Beginning at the line that contains "河川砂防、道路、橋梁や一般構" and finishing at the line that contains "milésimas de competencia.", output the data below exactly. Include both end lines and no pictures.

————

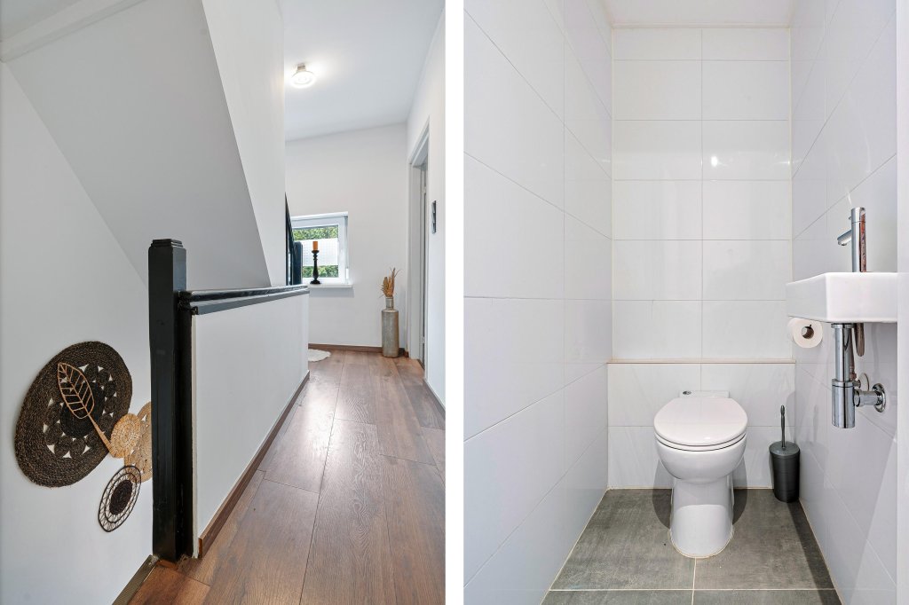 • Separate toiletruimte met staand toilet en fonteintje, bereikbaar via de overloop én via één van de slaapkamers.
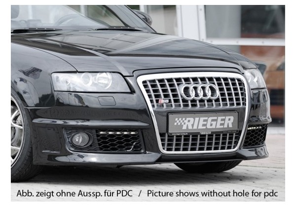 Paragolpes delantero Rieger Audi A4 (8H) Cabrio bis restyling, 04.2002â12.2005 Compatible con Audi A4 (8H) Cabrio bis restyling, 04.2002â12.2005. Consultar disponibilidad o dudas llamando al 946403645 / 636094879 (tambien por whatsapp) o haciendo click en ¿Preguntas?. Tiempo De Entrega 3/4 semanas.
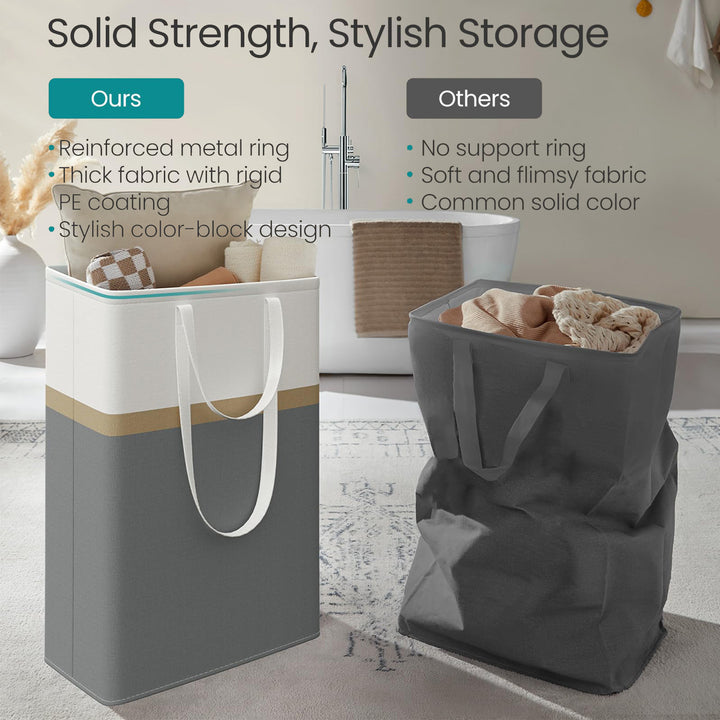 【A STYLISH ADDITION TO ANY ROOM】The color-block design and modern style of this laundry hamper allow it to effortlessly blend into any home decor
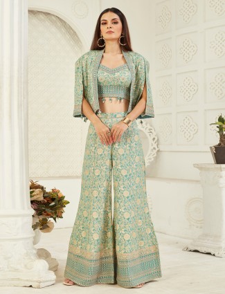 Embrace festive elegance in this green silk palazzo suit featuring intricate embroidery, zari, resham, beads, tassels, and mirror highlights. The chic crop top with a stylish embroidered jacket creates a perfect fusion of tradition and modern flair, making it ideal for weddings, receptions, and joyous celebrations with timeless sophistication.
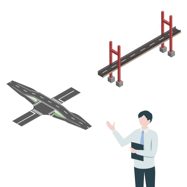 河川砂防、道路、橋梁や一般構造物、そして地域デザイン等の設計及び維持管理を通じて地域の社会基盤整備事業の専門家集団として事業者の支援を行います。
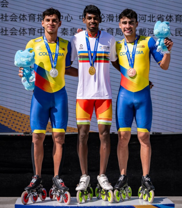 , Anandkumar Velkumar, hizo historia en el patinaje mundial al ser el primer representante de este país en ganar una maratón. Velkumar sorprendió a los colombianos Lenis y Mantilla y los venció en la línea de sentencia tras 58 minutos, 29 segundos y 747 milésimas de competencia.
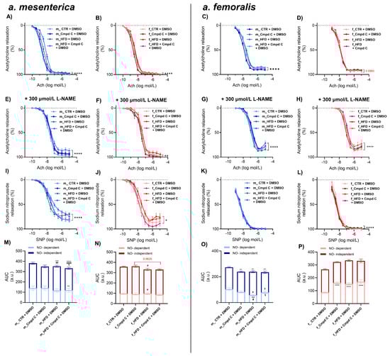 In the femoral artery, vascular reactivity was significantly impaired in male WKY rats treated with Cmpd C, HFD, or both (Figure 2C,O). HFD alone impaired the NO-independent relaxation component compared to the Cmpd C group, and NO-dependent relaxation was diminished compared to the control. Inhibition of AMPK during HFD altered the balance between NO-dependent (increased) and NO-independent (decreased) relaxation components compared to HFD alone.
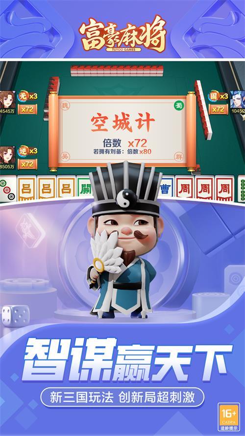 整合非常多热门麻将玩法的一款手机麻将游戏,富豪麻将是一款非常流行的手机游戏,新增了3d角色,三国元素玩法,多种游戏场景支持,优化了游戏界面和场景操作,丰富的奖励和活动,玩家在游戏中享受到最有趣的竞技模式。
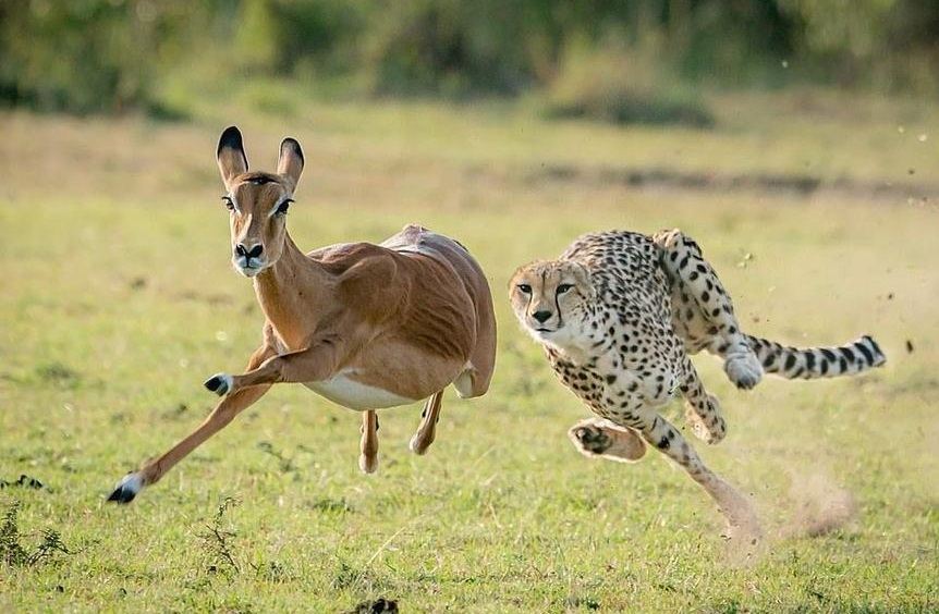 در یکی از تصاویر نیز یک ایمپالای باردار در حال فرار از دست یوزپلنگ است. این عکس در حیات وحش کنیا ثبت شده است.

————

**COMPLETED EXERCISE**.
 河川砂防、道路、橋梁や一般構造物、そして地域デザイン等の設計及び維持管理を通じて地域の社会基盤整備事業の専門家集団として事業者の支援を行います。
 , Anandkumar Velkumar, hizo historia en el patinaje mundial al ser el primer representante de este país en ganar una maratón. Velkumar sorprendió a los colombianos Lenis y Mantilla y los venció en la línea de sentencia tras 58 minutos, 29 segundos y 747 milésimas de competencia.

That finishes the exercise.